Thank you for your reply.

> I suppose theoretically you could be talking about a situation where Mighty
> is hosting a CGI application that receives user data and produces a static
> HTML file as a result.

Yes. Also I'm thinking about Yesod.


Yesod has more of a focus on dynamic content, and in those cases, we *do* already set charset=utf8[1]. Where this would affect Yesod is in yesod-static, in which case the same logic I've applied to Mighty would apply: users should not be able to affect the content of static files under normal circumstances, so the security concern is pretty remote.

[1] https://github.com/yesodweb/yesod/blob/master/yesod-core/Yesod/Core/Content.hs#L161
 
> But it
> could be worked around by the CGI application using <meta charset=...>
> instead.

Yes. Is this rarely used in Yesod?


Yes. Dynamic responses don't normally go via static file serving at all. In WAI terms, we always end up with a ResponseBuilder, not a ResponseFile, for dynamic content.
 
> So that comes to the question: is it safe for Mighty, mime-types, etc, to
> require that all HTML files are stored as UTF-8? I'd say, as long as
> there's a way for a user to override that if necessary, it sounds good to
> me. mime-types does provide such a capability, so I'd be in favor of
> tweaking its textual types to include explicit charset information.
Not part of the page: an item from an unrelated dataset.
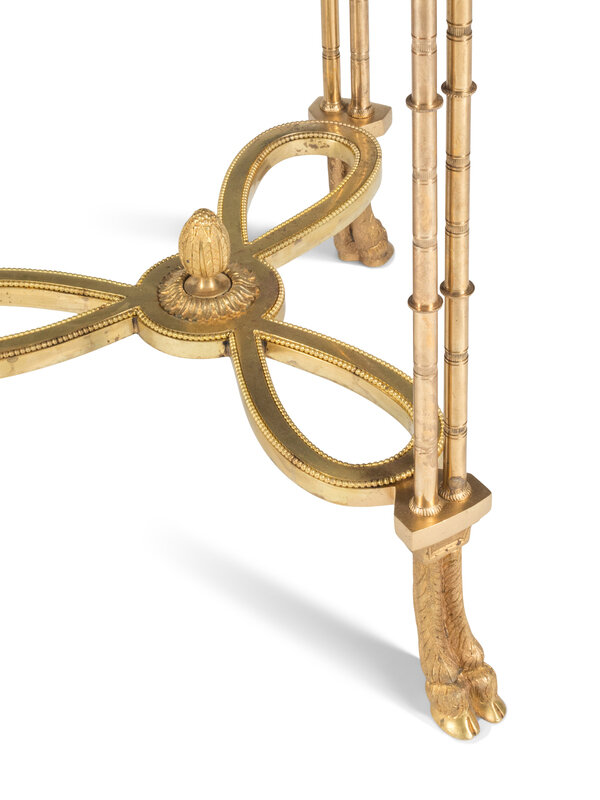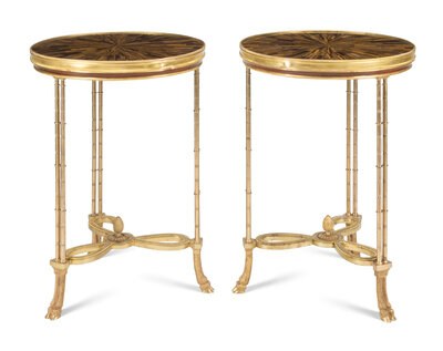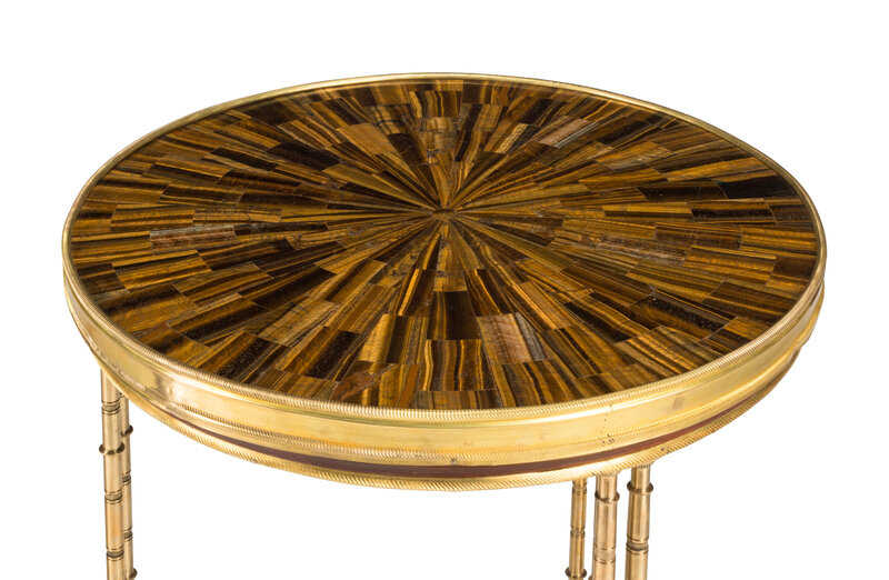 A Pair of French Neoclassical Style Gilt Bronze and Tiger's Eye Guéridons
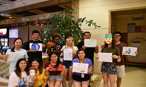 在為期三天的社會實踐中,每天晚上,實踐團師生都會在一起分享自己的出行感受,暢談自己對于中國形象和中國符號的認識。為了更直觀地體現(xiàn)“中國形象”和“中國符號”,7月11日晚,實踐團開展了以“我眼中的中國形象”為主題的繪制活動,留學生們通過繪畫、剪紙、繪制中國戲劇臉譜的方式來描繪自己心中的中國符號和中國形象。在一次次的交流互動中,中外同學不斷加深彼此之間的感情。

Probably I was too sensitive. Based on your discussion, it is
safer/better for Mighty not to hard-code charset.


To be clear, besides the security concerns, there is *definitely* a usability advantage in specifying charsets explicitly, in that the browser doesn't need to use defaults or guessing[2]. This just comes down to a numbers game: is it more likely that a browser will mis-guess the character encoding of UTF8 data, or that someone running Mighty will provide non-UTF8 data?

One other point in the favor of specifying encoding type is that serving of a file will *reliably* fail. Without a charset, some browsers may guess the wrong character encoding while others won't, which makes it difficult to debug. If you *always* serve with charset=utf8 and that turns out to be wrong, you'll find out quickly and reliably.

[2] http://en.wikipedia.org/wiki/Charset_detection